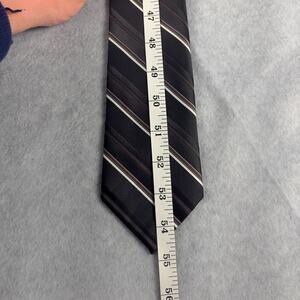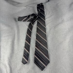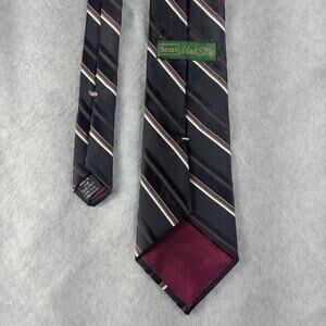 Vintage Sears Men's Store Necktie Short Black Striped Slim Silk Polyester Dinner
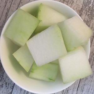 排骨焯水,薏米洗净,冬瓜洗净切成宽条(不要去皮)带皮才好
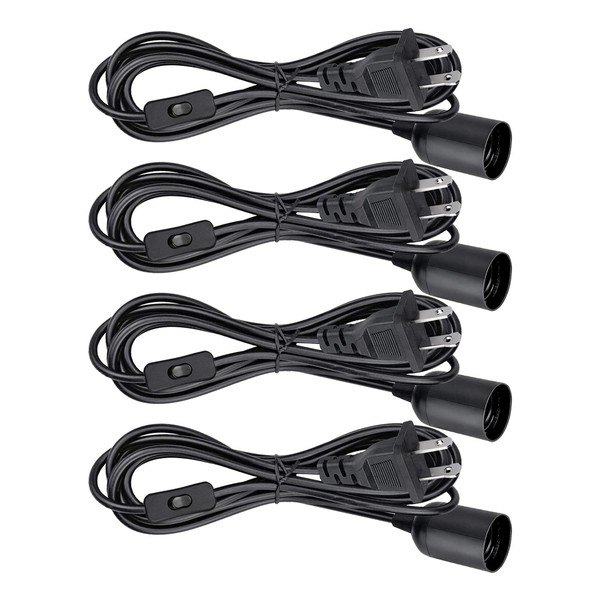 Zarnicy Plug in Light Socket - Pendant Hanging Lantern Cord - 8.2Ft Lamp Cord with Switch E26/E27 Extension Cable, Black Light Bulb Socket,4 Pack
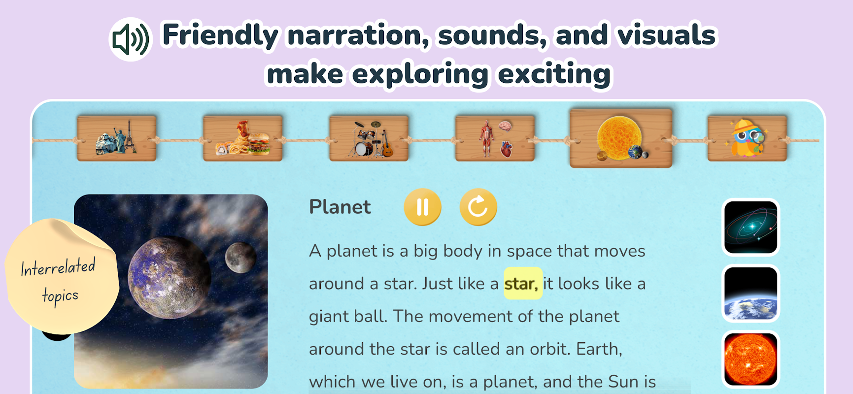 Cada una de las 192 entradas está cuidadosamente elaborada para niños pequeños y acompañada de imágenes, narración amigable (hasta 30 segundos por entrada), texto y sonidos.
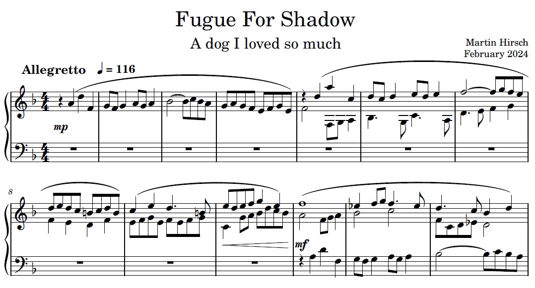 Emotional fugue I wrote after losing my wonderful dog Shadow.
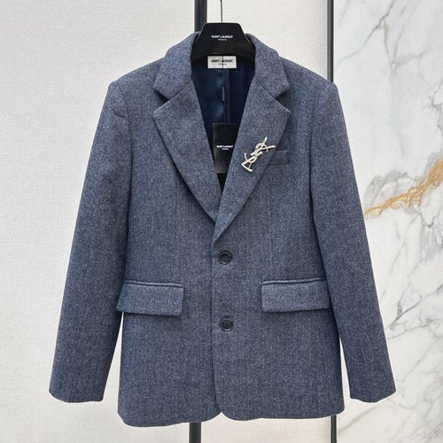 Saint Laurent 생로랑 신상 클래식 로고 브로치 장식 양모 블레이저 자켓
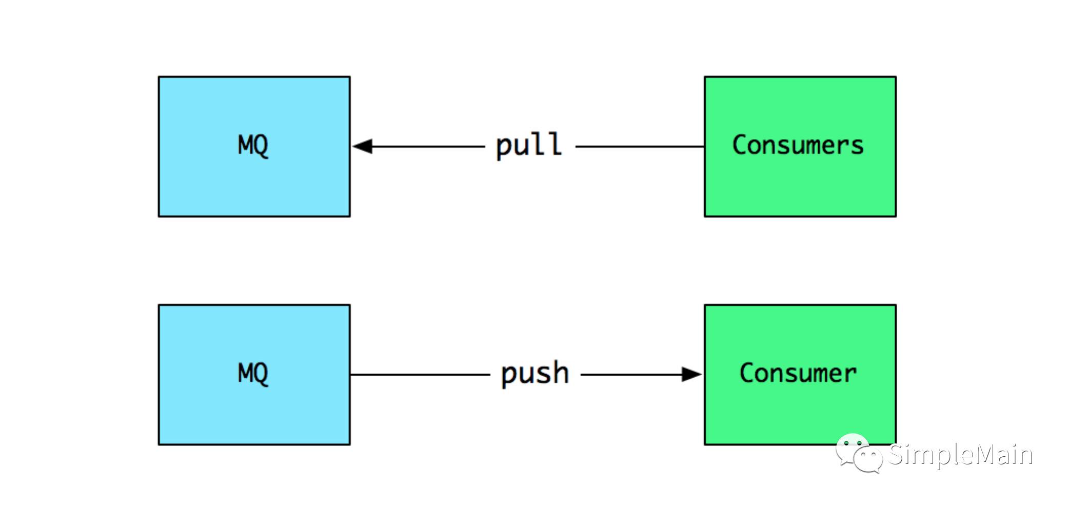 当MQ要把数据给消费者的时候,就涉及到数据的传递方式。一种是MQ主动的将数据推给消费者;而另一种,则是消费者主动去拉取。两种方式各有优缺,我们就一个个的来讲。(无非就是在爱情中谁主动的问题^_^)
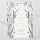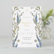 Invitación de la fiesta de compromiso con un marco de ramas elegantes con mariposa y hojas azules. Flores delicadas azules dibujadas a mano sobre fondo blanco. Fondo romántico de naturaleza floral. Resumen de las ramas naturales. Diseño floral de primavera o verano. Parcela botánica. Invitación de la fiesta de compromiso de botánica azul suave. Colección Blue Buttercup.
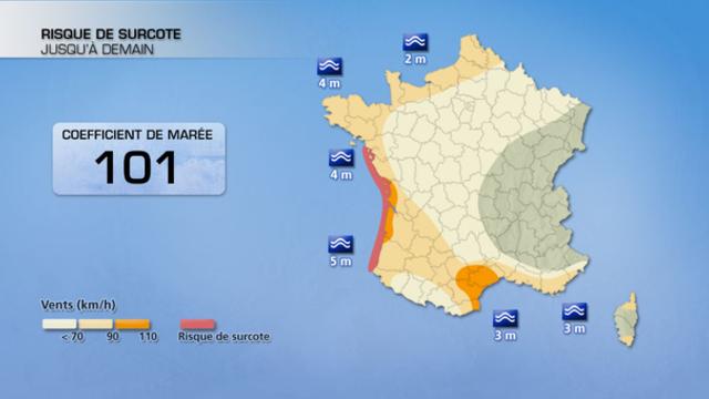 Ce sera surtout le cas entre les îles charentaises et le pays basque. Le temps y sera très maussade avec des pluies faibles à modérées, mais aussi des rafales de vent voisines de 70 km/h dans les terres, et jusqu'à 90-100 km/h en bord de mer. Au large, la houle sera encore voisine de 4 à 5 m, ce qui favorisera au moment des marées hautes (à 6h et 18h à Arcachon) un risque de légères submersions marines. La Garonne pourrait également déborder un peu.
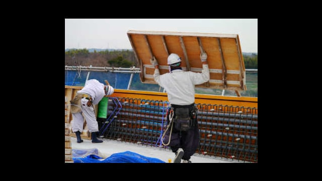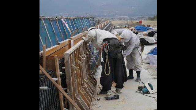 水平、垂直、レベルを組み立て中は常に確認します。 型枠工事の出来具合が、構造物全体の出来具合を決定する大変重要な仕事となります。

▶ [Instructions to follow]: Each line above from the one containing "Emotional fugue I" through the one containing "当MQ要把数据给消费者的时候" is to be returned verbatim. Nothing else, and no pictures.

▶ [Result of this exercise]:
 Emotional fugue I wrote after losing my wonderful dog Shadow.
 Saint Laurent 생로랑 신상 클래식 로고 브로치 장식 양모 블레이저 자켓
 当MQ要把数据给消费者的时候,就涉及到数据的传递方式。一种是MQ主动的将数据推给消费者;而另一种,则是消费者主动去拉取。两种方式各有优缺,我们就一个个的来讲。(无非就是在爱情中谁主动的问题^_^)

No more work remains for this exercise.